Moreover, this information supports decision-making aimed at promoting efficient apicultural practices, including the use of honeydew by bees, its collection, transport to the hive, and processing. This would ultimately facilitate the production of honeydew honey. As the primary source of this honey would be oak sap, oak honeydew honey could be classified as a non-timber forest product. Such an approach represents a valuable initiative for the conservation of high Andean forest ecosystems, given the current vulnerability of oak forests in Colombia.
ACKNOWLEDGMENTS: We extend our gratitude to the SISBIO Research Group, the Biological Crop Management Group, and the Bioplasma Group, all from UPTC, for their valuable contributions to this research. We also wish to thank Dr. Takumasa Kondo for his assistance with taxonomic identification.

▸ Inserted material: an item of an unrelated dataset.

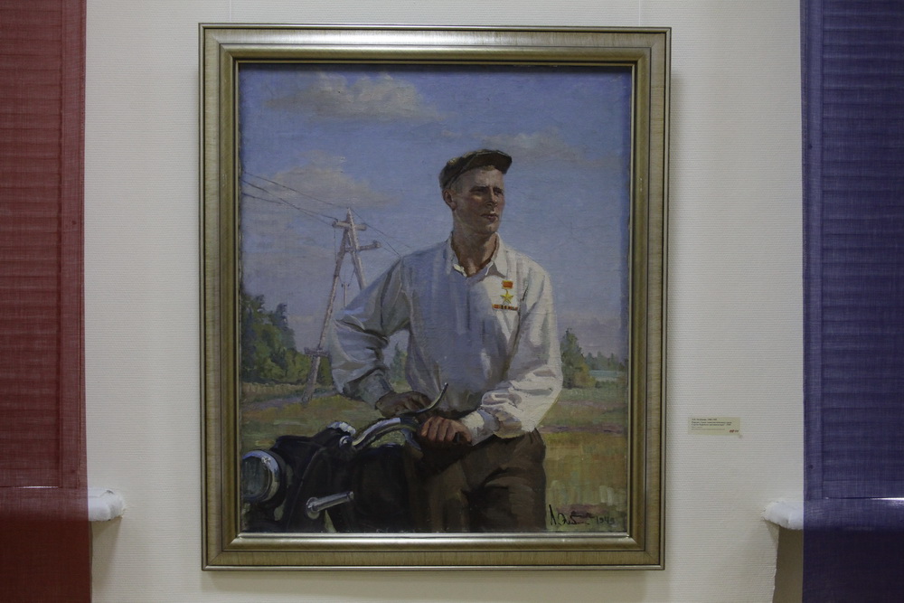 «Это её автопортрет. Она была такая красивая! Она и сейчас красивая, но тогда, в молодости, она была — сами видите — девушка очень симпатичная, очень эффектная. Ну она была у нас всегда общественница, так и автопортрет называется — „Комсорг“», — рассказала Татьяна Громыкина.

CONFLICT OF INTEREST: None
FINANCIAL SUPPORT: None
ETHICS STATEMENT: This study was funded by Project SGI 2630, "Modelo Tecnológico para la Generación de un Producto Obtenido a partir del Aprovechamiento Forestal No Maderable del Corredor de Bosque de Robles Nativos del Departamento de Boyacá." Additional support was provided by Project SGI 3443, "Historia Natural y Distribución de Stigmacoccidae (Hemiptera) Asociada a Bosques de Roble Quercus humboldtii de la Red de Jardines Botánicos del Alto Ricaurte, Boyacá-Colombia."